La formation (violon, clarinette, violoncelle et piano), résulte des conditions particulières propres au camp de détention où se trouvait le compositeur en 1940. Infirmier fait prisonnier à Görlitz en Silésie (région aujourd’hui à cheval entre la Pologne, la république tchèque et l’Allemagne), il était jugé suffisamment inoffensif pour que les allemands le laissent travailler et composer. Les conditions difficiles de vie au camp lui provoquèrent les hallucinations colorées qu’il parvint à traduire musicalement.

 

 

 

 

 

II – VOCALISE POUR L’ANGE QUI ANNONCE LA FIN DU TEMPS      Tous les instruments, 2e mouvement

 

«La 1ère et la 3ème partie (très courtes) évoquent la puissance de cet ange fort, coiffé d’un arc en ciel et revêtu de nuée, qui pose un pied sur la mer et un pied sur la terre. Le « milieu », ce sont les harmonies impalpables du ciel. Au piano, cascades douces d’accords bleu-orange, entourant de leur carillon lointain la mélopée quasi plain-chantesque des violon et violoncelle»  Messiaen, préface du quatuor.

 

 

     Ce mouvement est de forme tripartite.    (A1, B, A2)

 

a)  Parties A (mes 1 à 18)

 

          * Les parties A1 et A2  sont violentes et emportées, elles suggèrent la puissance de l’ange qui annonce la fin du temps.    

* Messiaen utilise un registre très étendu, de l’extrême grave du piano à l’aigu du violon

          * Les accords graves du piano dans A1 impliquent une forte résonance de l’instrument évoquant la nuée de l’ange.

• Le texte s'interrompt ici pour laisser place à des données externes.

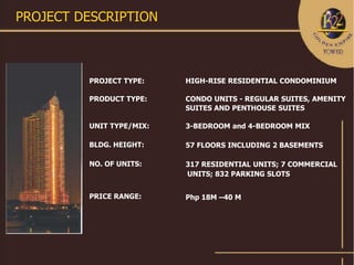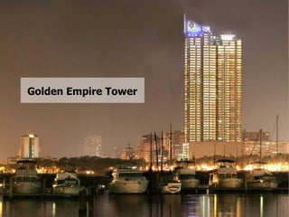The Golden Empire Tower project involves developing a 57-floor high-rise residential condominium building with 317 residential units in Manila, Philippines. It will be the tallest residential building in the country. The building will feature luxury condominium units along with commercial spaces and amenities on the lower floors such as pools, a gym, and a putting green. The project aims to set new standards for high-rise living in the metro.

* Bien noter le motif de clarinette au début (mes 2) que l’on retrouvera dans L’abîme des oiseaux et dans l’Intermède

* La 2e partie A2 est plus courte que la première, elle reprend la dernière partie de A1 en inversant la direction des motifs: le violon, le violoncelle et la clarinette font un motif descendant page dans A2, alors qu’il était ascendant dans A1 page 8

 

 

 

b)  Partie B  (mes 19 à 48)

 

 

* Cette partie fait entendre la vocalise annoncée dans le titre. Elle est extrêmement calme de part sa nuance pianissimo mais aussi par la régularité des accords du piano. C’est la première fois qu’on entend une pulsation régulière dans ce quatuor depuis le début

 

* La «mélopée plain-chantesque» annoncée dans la préface est une référence au chant grégorien. La  souplesse rythmique et mélodique d’un chant grégorien stylisé est rendue au violon et violoncelle. Les neumes du chant grégorien conduisent Messiaen à une notation non mesurée où les notions de temps et de mesure sont remplacées par des sentiments de valeurs longues ou brèves. Messiaen veut supprimer ce qui mesure le temps, s’affranchir de la barre de mesure pour le remplacer par «le sentiment d’une valeur brève (la double croche par exemple) et de ses multiplications libres (…)». Pour cela, il utilise le chant grégorien qui est une musique amesurée par excellence.

 

* Les «harmonies impalpables» et les «cascades d’accords bleu-orange» sont évoquées par l’harmonie. Les accords 5, 6, 7 et 8 du piano de la mesure 19 sont formés de quartes.